# WHAT NEEDS TO BE DONE
Copy only what lies from the line containing "Sobre el acceso" through the line containing "Sommertag in Locarno." in the entries below, keeping both end lines exact and dropping every picture.

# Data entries
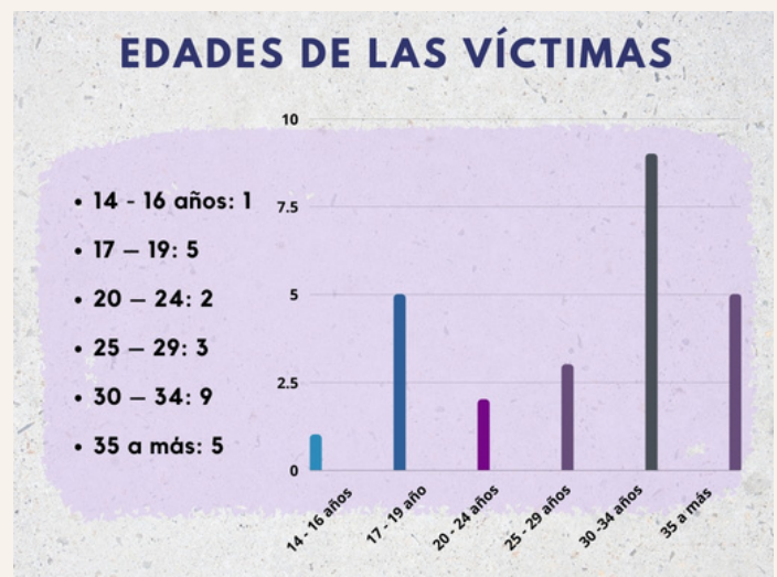
Fuente: Datos recuperados del informe semestral del Observatorio de violaciones a derechos humanos de personas LGBTIQ+ en Nicaragua.

Sobre el acceso a la justicia, de los casos documentados solo 2 personas presentaron denuncias.
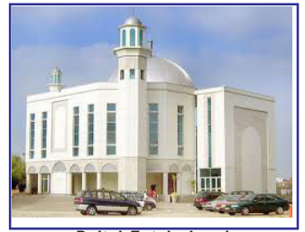
Baitul Futuh, London
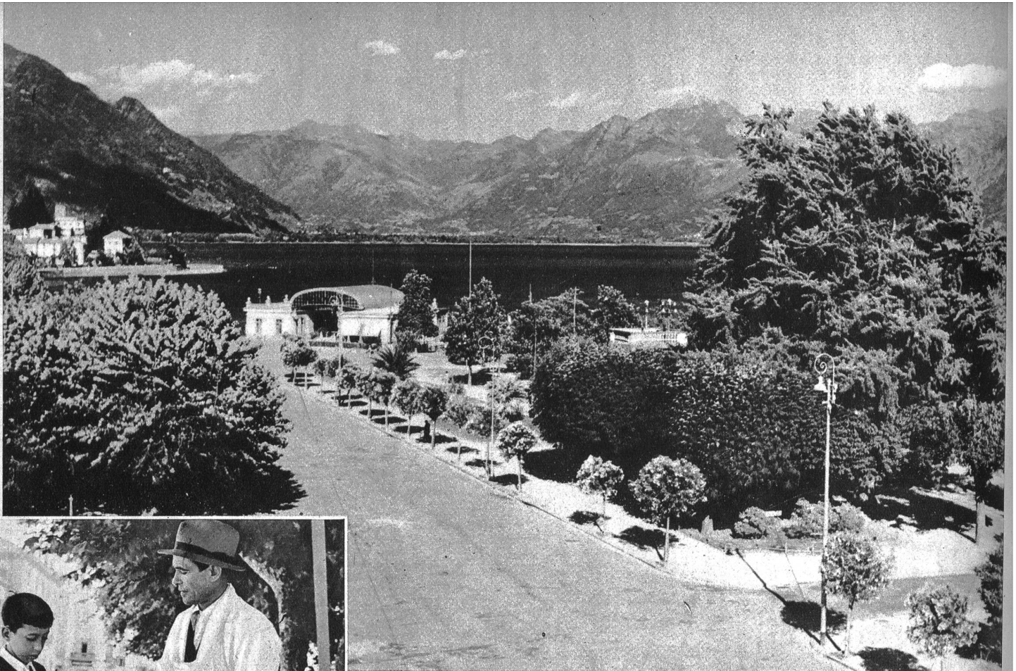
Sommertag in Locarno. Die übersonnten Plätze und Strassen liegen tot und verlassen da. Kein Mensch wagt sich hinaus in die sengende Glut
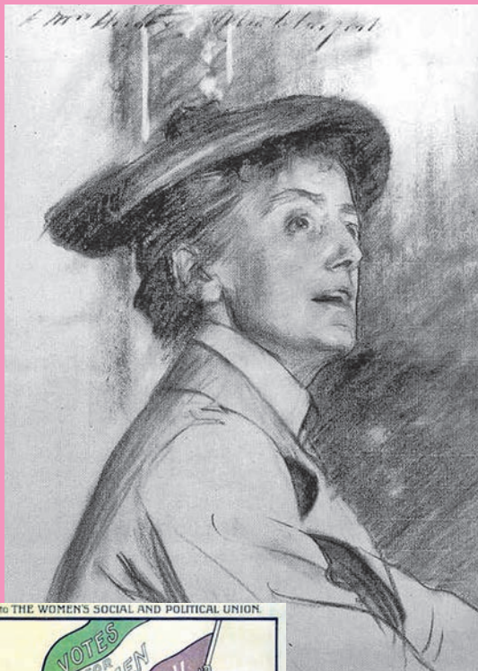
Ethel Smyth, Kreidezeichnung von John Singer Sargent, 1901

Eine späte Premiere. Zum ersten Mal in seiner Geschichte führt das DSO ein Werk von Ethel Smyth auf. Sie war eine Zeitgenossin von Edward Elgar, Gustav Mahler, Claude Debussy und Richard Strauss. Die Ausbildung zur Komponistin trotzte sie ihrem Vater durch Hungerstreik ab. Dass Emanzipation ungewöhnliche bis drastische Maßnahmen verlangt, bewies sie in ihrem Engagement für die Frauenrechtsbewegung. ›Les Naufrageurs‹ war ihre dritte Oper. Die ersten beiden bewegten sich in der deutsch-romantischen Tradition, von der sie bei ihrem Studium in Leipzig umgeben war. Mit ›Les Naufrageurs‹ befreite sie sich davon. Die Handlung spielt an der Küste von Cornwall in einem verarmten Fischerdorf. Die Bewohner löschen bei stürmischem Wetter die Leuchtfeuer auf den Klippen. Seefahrer verlieren so die Orientierung, ihre Schiffe stranden oder zerschellen. Die Fracht nehmen die Dörfler als Beute, Überlebende bringen sie um. Der Ortsgeistliche treibt sie dazu an: Dies sei die Ernte, die Gott ihnen durch die See beschere. Seit einiger Zeit bleibt sie aus. Der Geistliche macht Gottlosigkeit dafür verantwortlich. Am
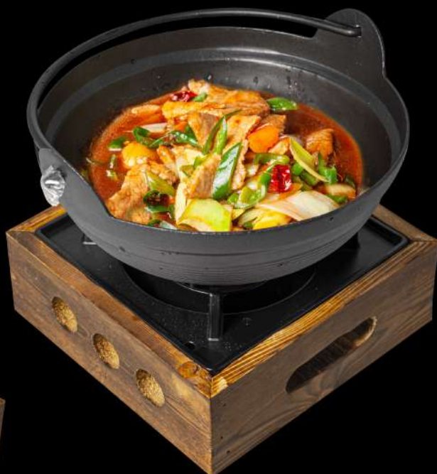
● 175. PENTOLA DI MANZO PICCANTE 🌶️ € 12,00
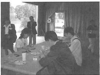
アボリジニ文化を学ぶ

オーストラリア情報の問い合わせ先 オーストラリア政府観光局 東京03-5972-2000 大阪06-6306-2000 URL http://www.australia.com ビクトリア州政府観光局 東京03-5214-0787 URL http://www.visitmelbourne.com ニューサウスウェールズ州政府観光局 東京03-5214-0777 URL http://www.tourism.nsw.gov.au
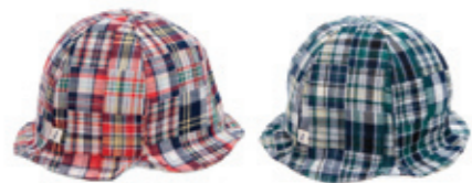
#65019 パッチワーク W ガーゼ ベビーチュールリップ ¥2,900 (税込¥3,045)
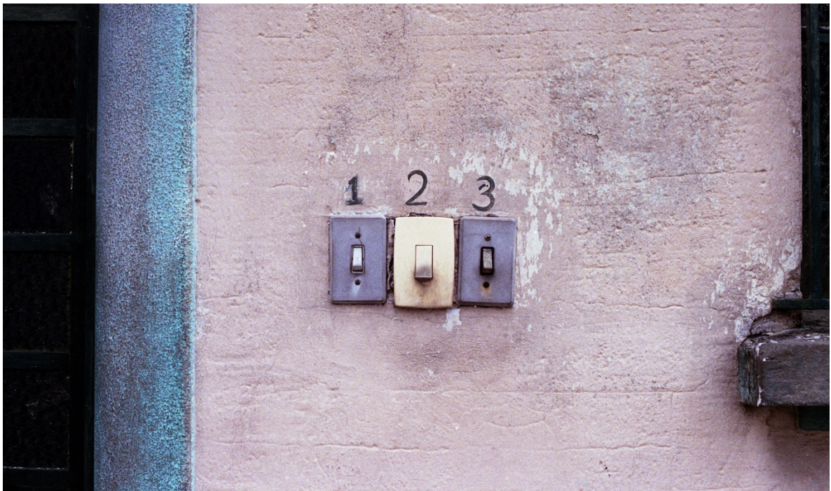
Vivian Castro, Escenas de Cambuci 2 , 2018.

# RESPONSE BOX
Sobre el acceso a la justicia, de los casos documentados solo 2 personas presentaron denuncias.
Baitul Futuh, London
Sommertag in Locarno. Die übersonnten Plätze und Strassen liegen tot und verlassen da. Kein Mensch wagt sich hinaus in die sengende Glut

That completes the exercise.